Above is the artist with one of his works depicting the red shawl dance performed at some powwows by Native American women who have been affected by violence. The following are excerpts from the Steven Premo Bio for the exhibit program and best describes the artist and his work. The following split painting is titled "The tree of life".
“My art is, or I would like my art to be, a story of a historical Native narrative. Though not literal events, I strive to honor my heritage through emotional interpretations. If I painted my cultural icons, it would just be a record of my background. But if I paint in the language of the majority as it relates to my culture, then there initiates a dialogue. Thus, a better understanding."
“At a young age I knew I wanted to create. At age 15 I had a great urge to paint and use color. After working on my drawing skills, which I considered the basis of all painting, I finally began painting several years later. Primarily self-taught, I did have some instruction…”
“Rembrandt was a great influence in my beginning years.
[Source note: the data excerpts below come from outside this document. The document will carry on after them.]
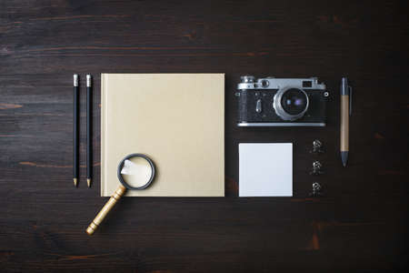 Vintage stationery set and retro photo camera on wood table background. Top view. Flat lay.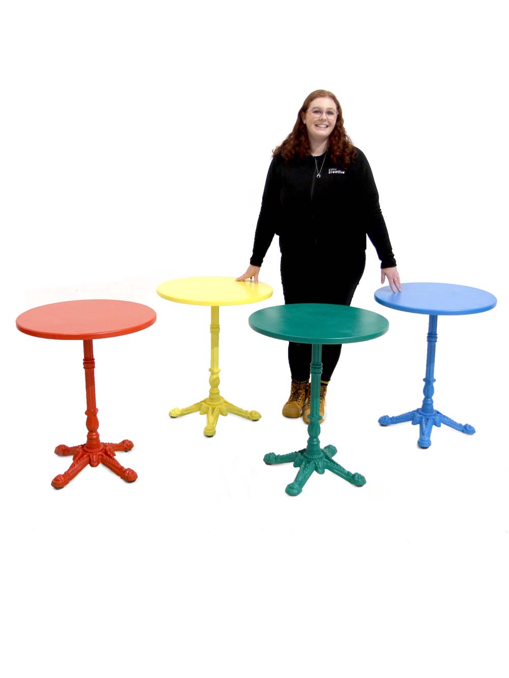 Brightly Coloured Cast Iron Side Table – set of 4 to hire. These brightly coloured Cast Iron Side Tables would work perfectly at any Circus or Carnival themed party or event.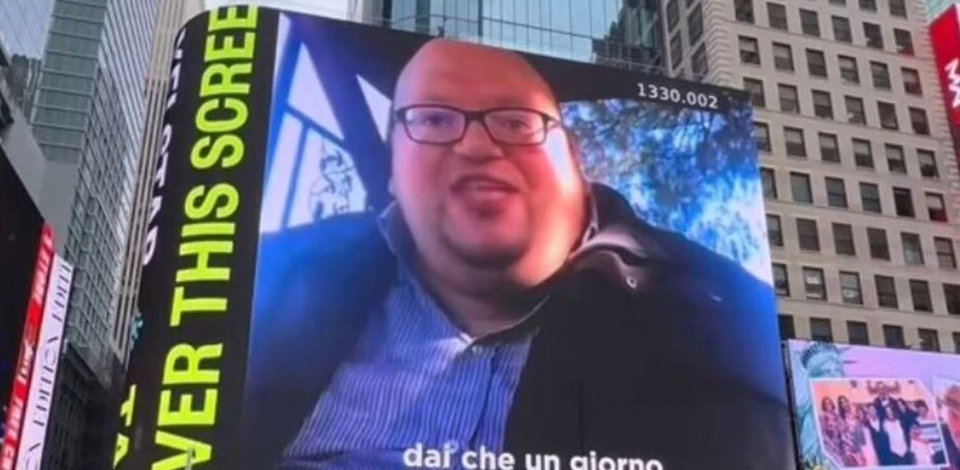 Per questo motivo, il suo fan ha deciso di far avverare in qualche modo questo suo desiderio, investendo i 40 dollari necessari per lo spazio sul maxischermo dell’iconica piazza newyorchese tramite il servizio offerto da un’apposita app.”

His grasp of light intrigued my sensibilities for allegory. The storytelling in the late of the evening served as a reminder to me of growing up on the reservation gathered around the kerosene lamp. Van Gogh’s 'Potato Eaters' was a recollection of my house. A later influence was Kathe Kollwitz’s incredible charcoal drawings and prints telling of suffering.”
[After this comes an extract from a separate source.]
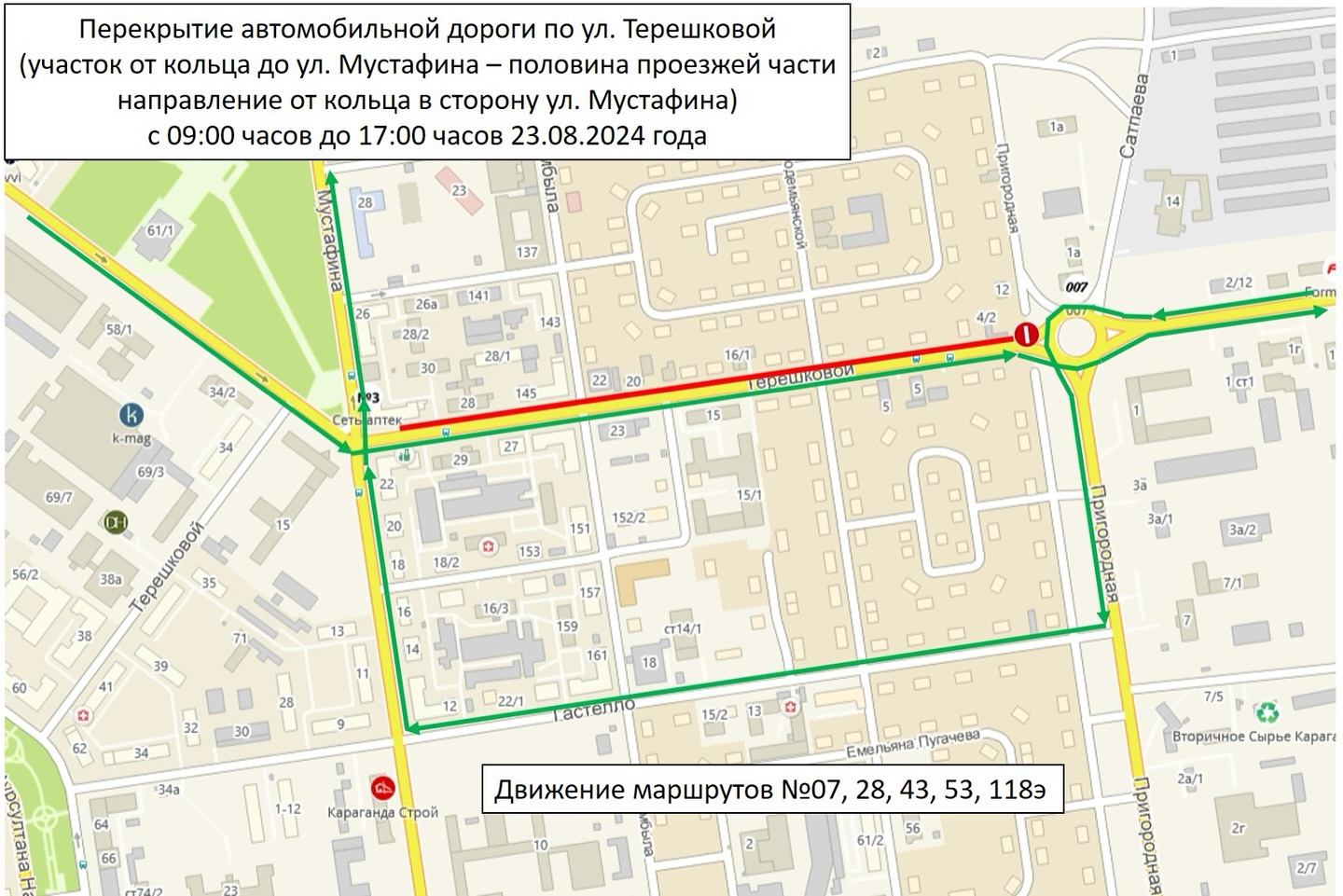 В Караганде на улице Терешковой временно ограничат движение транспорта

The below Premo art is titled "He smokes his pipe and speaks of horses".
“I was also invited to create the Mille Lacs Band Pendleton blanket and won a National design contest for the a 40th Anniversary commemorative Pendleton blanket for the National Indian Education Association…”
“For the Hinckley Fire Museum I painted a mural of an old man’s survival story of the 1896 fire. Along with George Parry, I participated in painting a large mural at the Lac Courte Orellies Cultural Center.”
The below image is of the Hinckley mural fire on display outside of the museum. It was done as a five year display and is still available 14 years later.
“Two of my most recent achievements and honors was (first) being asked to create a War Memorial plaque honoring the Minnesota American Indian Veterans…Then on January 15, 2014 in Las Vegas I received the National Pyramid Award for the 2013 Mille Lacs Band calendar that I created.” Below is the award winning National Pyramid Award and calendar.
Steve Premo is not a new artist to The Edge Center and its gallery. He has been a guiding force as The Edge moves toward more involvement in Native American culture and exhibits. His work was part of the gallery’s exhibits "This is Displacement" and "Powwow Perspectives."